Each line in the material below, starting at the one with "- 【Soft and" and ending at the one with "Plačiau apie paciento", is to be reproduced exactly; no picture is to be copied.

### MATERIAL FOR THE TASK

* * * * *

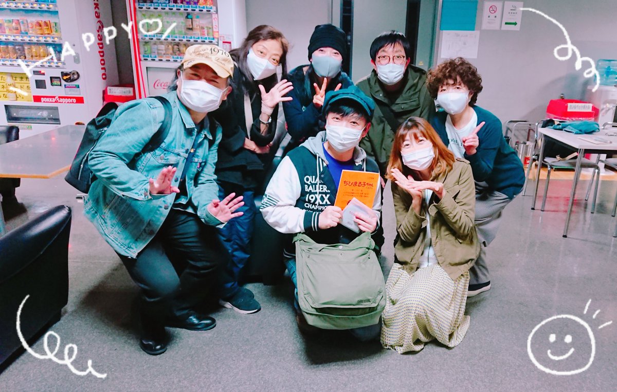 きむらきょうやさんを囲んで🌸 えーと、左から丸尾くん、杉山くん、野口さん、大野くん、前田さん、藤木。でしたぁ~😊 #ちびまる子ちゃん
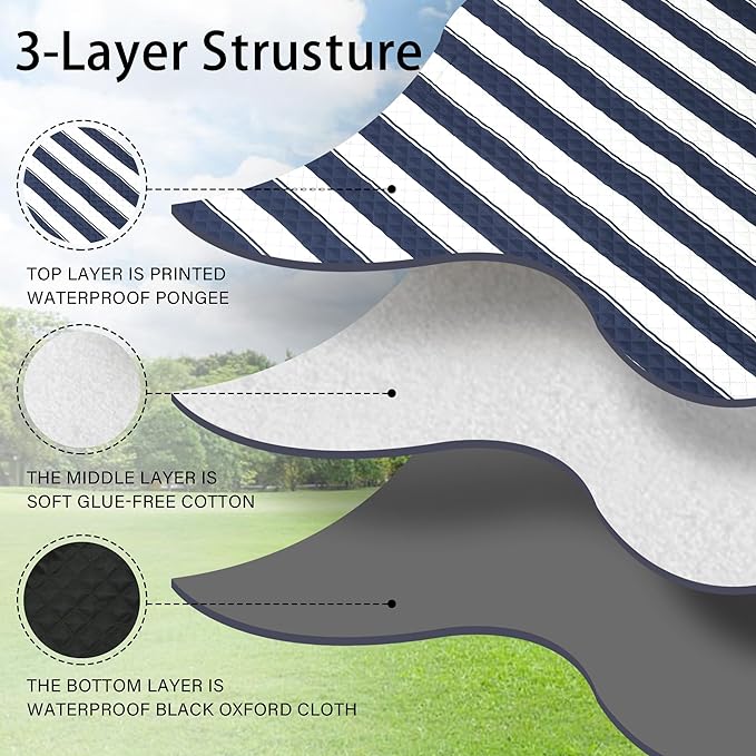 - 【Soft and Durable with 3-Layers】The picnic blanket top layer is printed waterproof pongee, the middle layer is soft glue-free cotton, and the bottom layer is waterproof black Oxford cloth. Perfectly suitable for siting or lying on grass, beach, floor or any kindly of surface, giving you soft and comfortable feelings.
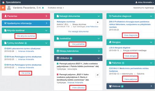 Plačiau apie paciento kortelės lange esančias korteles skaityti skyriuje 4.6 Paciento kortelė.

* * * * *

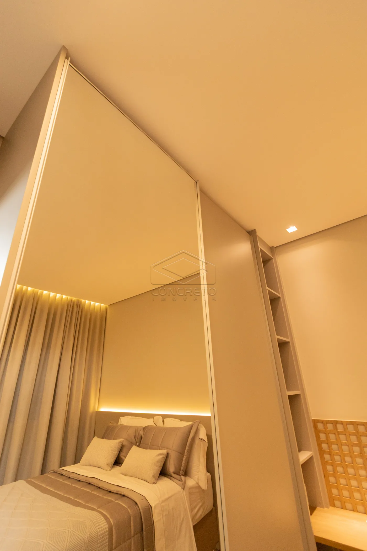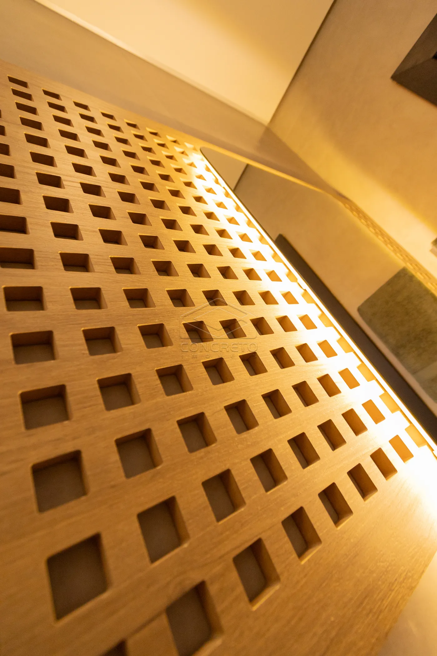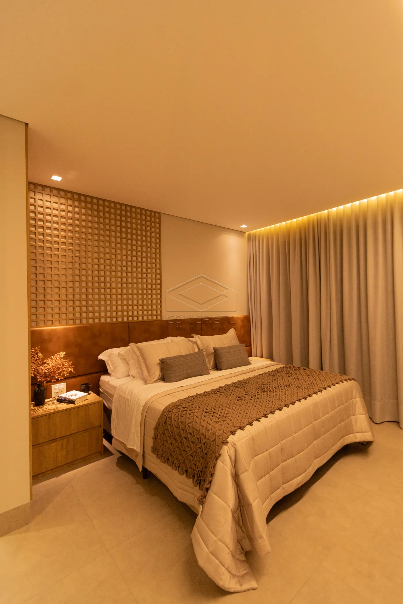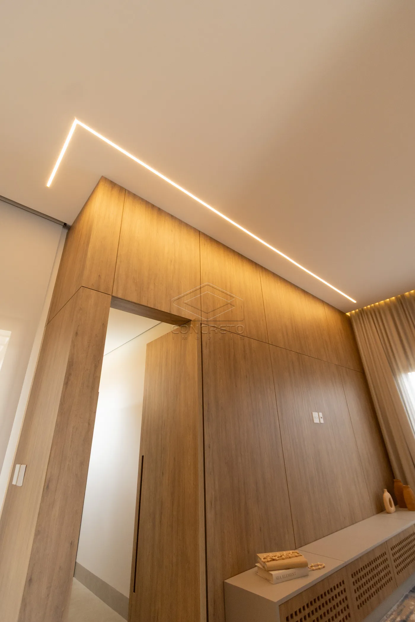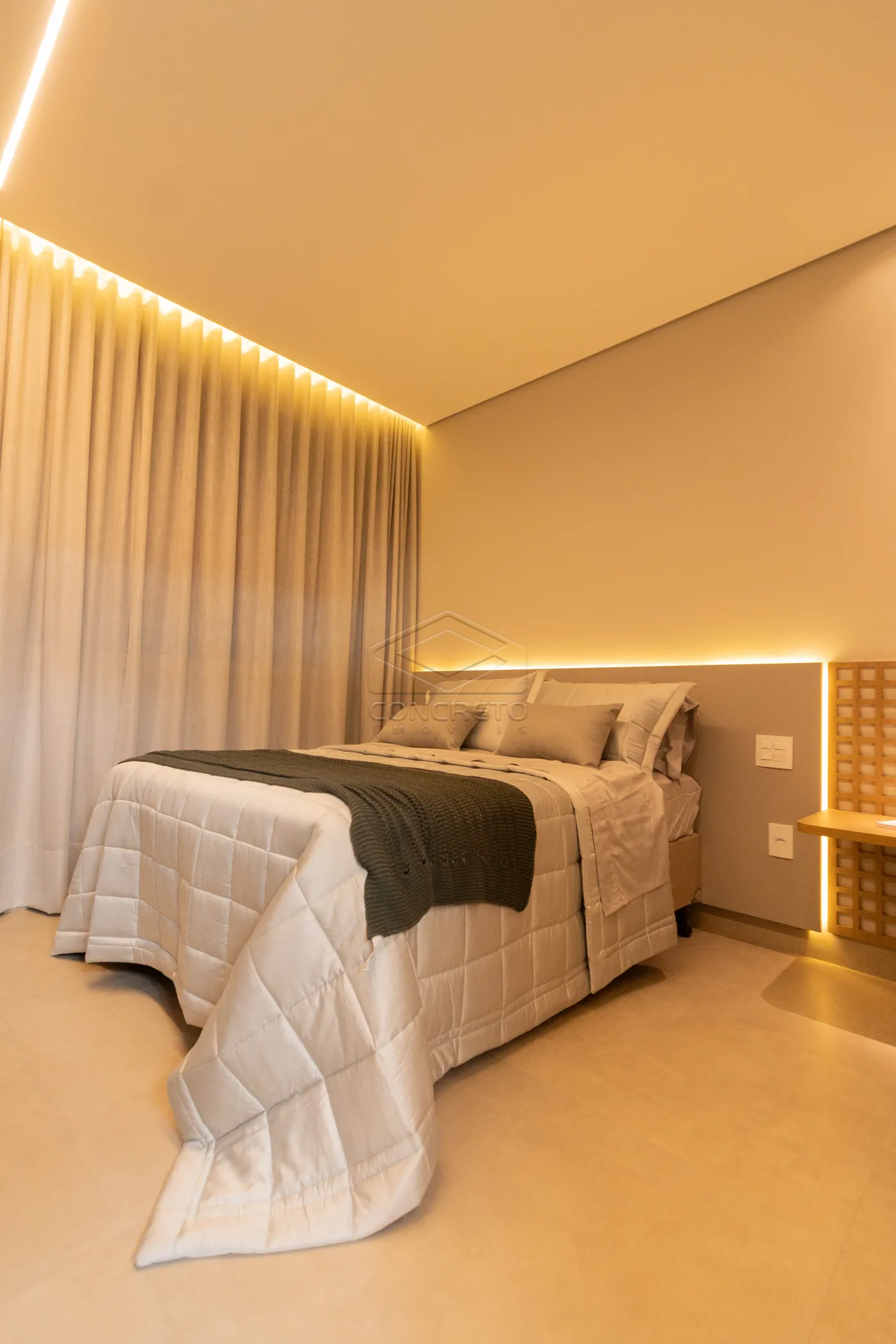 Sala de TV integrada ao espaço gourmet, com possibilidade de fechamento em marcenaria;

* * * * *

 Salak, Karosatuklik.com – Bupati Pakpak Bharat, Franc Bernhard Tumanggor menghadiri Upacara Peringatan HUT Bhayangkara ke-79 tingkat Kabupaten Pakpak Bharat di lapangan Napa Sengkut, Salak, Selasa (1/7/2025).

* * * * *

### SOLUTION TO THIS TASK
 - 【Soft and Durable with 3-Layers】The picnic blanket top layer is printed waterproof pongee, the middle layer is soft glue-free cotton, and the bottom layer is waterproof black Oxford cloth. Perfectly suitable for siting or lying on grass, beach, floor or any kindly of surface, giving you soft and comfortable feelings.
 Plačiau apie paciento kortelės lange esančias korteles skaityti skyriuje 4.6 Paciento kortelė.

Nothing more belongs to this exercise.